Again you are confused about what is going on here - this is about
reconfiguring the HW so that MSI vector entries exist or not - it has
absoultely nothing to do with the driver. We are not optimizing for
the case where the driver does not use MSI vectors the VF has
available.

> > > At a minimum I really think we need to go through and have a clear
> > > definition on when updating the MSI-X table size is okay and when it
> > > is not. I am not sure just saying to not update it when a driver isn't
> > > attached is enough to guarantee all that.
> >
> > If you know of a real issue then please state it, other don't fear
> > monger "maybe" issues that don't exist.
>
> Well I don't have visibility into your firmware so I am not sure what
> is going on in response to this command so forgive me when I do a bit
> of fear mongering when somebody tells me that all this patch set does
> is modify the VF configuration space.

You were not talking about the FW, "is okay and when it is not" is a
*Linux* question.

> > > What we are talking about is the MSI-X table size. Not the number of
> > > MSI-X vectors being requested by the device driver.
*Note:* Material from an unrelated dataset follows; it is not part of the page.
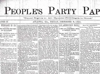 Despite its early struggle for circulation, its financial strain (Watson personally absorbed all costs) and the heaping ridicule it received from the Democratic press, the People’s Party Paper ran unabated for eight years with Watson at the helm. By 1893, two years after he launched it and a year after he had been counted out of Congress, Watson claimed the paper went to every state in the union and its circulation was second in Georgia only to the Atlanta Constitution. Three years later, riding the high water mark of the People’s Party, Watson’s paper was nationally known and quoted routinely. Watson also was a frequent contributor to the Populist journal, Arena, and to other national periodicals.
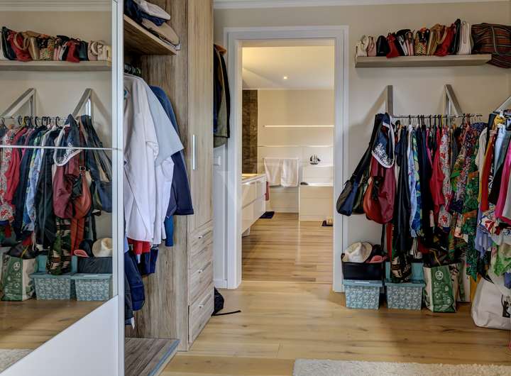 Der private Elternbereich im OG ist klar vom Kindertrakt getrennt und begeistert mit Ankleide, Schlafzimmer und einem stilvollen Masterbad, das mit Doppelwaschtisch, Dusche, Badewanne, Bidet und stimmungsvoller Beleuchtung ausgestattet ist.

Those are normally
> > > two seperate things.
> >
> > Yes, table size is what is critical. The number of entries in that BAR
> > memory is what needs to be controlled.
> 
> That is where we disagree. 

Huh? You are disagreeing this is how the mlx5 device works?

> Normally as a part of that the device itself will place some
> limit on how many causes and vectors you can associate before you even
> get to the MSI-X table.

For mlx5 this cause limit is huge. With IMS it can even be higher than
the 2K MSI-X limit. Remember on an x86 system you get 256 interrupt
vectors per CPU *and* per vCPU, so with interrupt remapping there can
be huge numbers of interrupts required.

Your "normally" is for simplistic fixed function HW devices not
intended for use at this scale.

> The MSI-X table size is usually a formality that defines the upper
> limit on the number of entries the device might request.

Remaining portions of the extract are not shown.